Pequeñas casas y gigantescas antenas se aglomeran al final de la
calle.
Ya a pie, nos encaminamos por la vereda que nos llevará a recorrer
todo el borde del cráter del volcán. Tenemos suerte, hace
un bonito día, cielo celeste, pocas nubes y buenos ánimos.

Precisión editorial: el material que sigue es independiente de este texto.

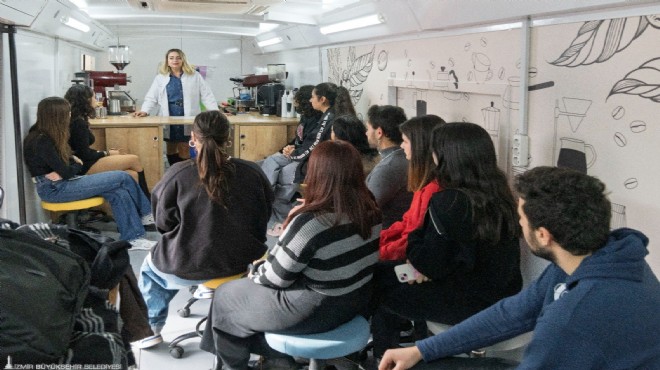 İzmir Büyükşehir Belediyesi’nin kahve hazırlama ve sunma alanında gençlere mesleki beceri kazandırmak için yollara çıkardığı Mobil Barista Otobüsü Aşık Veysel Gençlik Merkezi’ndeydi. Otobüsün ikinci durağı ise Çiğli Gençlik Merkezi olacak.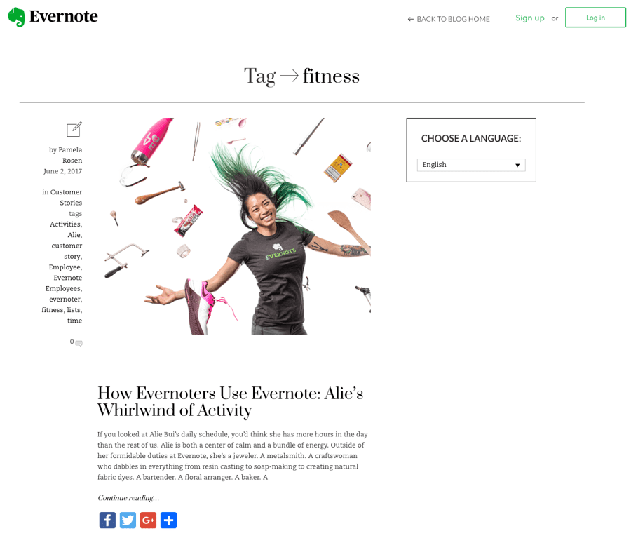 它列出了Evernote博客上所有带有“健身”标签的文章——这里只有一篇。

Aún es temprano y está fresco.
Sobre el filo del cráter sube y baja el camino, a un lado la pared casi vertical que desciende 500 metros; al otro, a lo lejos, el horizonte formado por la línea de la costa. Pozo profundo a un lado, horizonte infinito al otro. Al frente, “Vulcanoman” —nuestro guía— marca el paso. Le seguimos en fila india señalando pequeños hallazgos en el camino: mariposas, hojas de formas extrañas, ciempiés, ramas atravesadas.

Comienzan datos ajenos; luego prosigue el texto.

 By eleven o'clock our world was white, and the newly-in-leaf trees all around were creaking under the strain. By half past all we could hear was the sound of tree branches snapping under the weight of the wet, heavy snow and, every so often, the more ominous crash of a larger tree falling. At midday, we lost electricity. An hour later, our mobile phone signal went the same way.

Sobre el costado oeste nos detenemos a ver el paisaje: a la izquierda, lejos, el volcán de San Vicente; luego, el lago de Ilopango y la Puerta del Diablo; más acá, el Peñón de Comasagua, que parece la cresta de una ola congelada en piedra; un poco más cerca, la laguna de Chanmico y los “charcos” de lava negra; a nuestra derecha, los volcanes de Izalco y Santa Ana.
Ya del otro lado del cráter no vemos el sol. La vegetación se vuelve espesa y el aire húmedo. Nos movemos entre las sombras de los árboles sorteando un camino lodoso y lleno de obstáculos. Caminamos mezclando el silencio con risas.
Tres horas después nos acercamos nuevamente al punto de partida. Desde aquí, en medio de cultivos de rosas y otras flores, vemos Quezaltepeque y Apopa. Zopes sobrevuelan lentamente. Entre pinos y cipreses caminamos ya hacia el parqueo. Una niña nos ofrece fresas. Están dulces.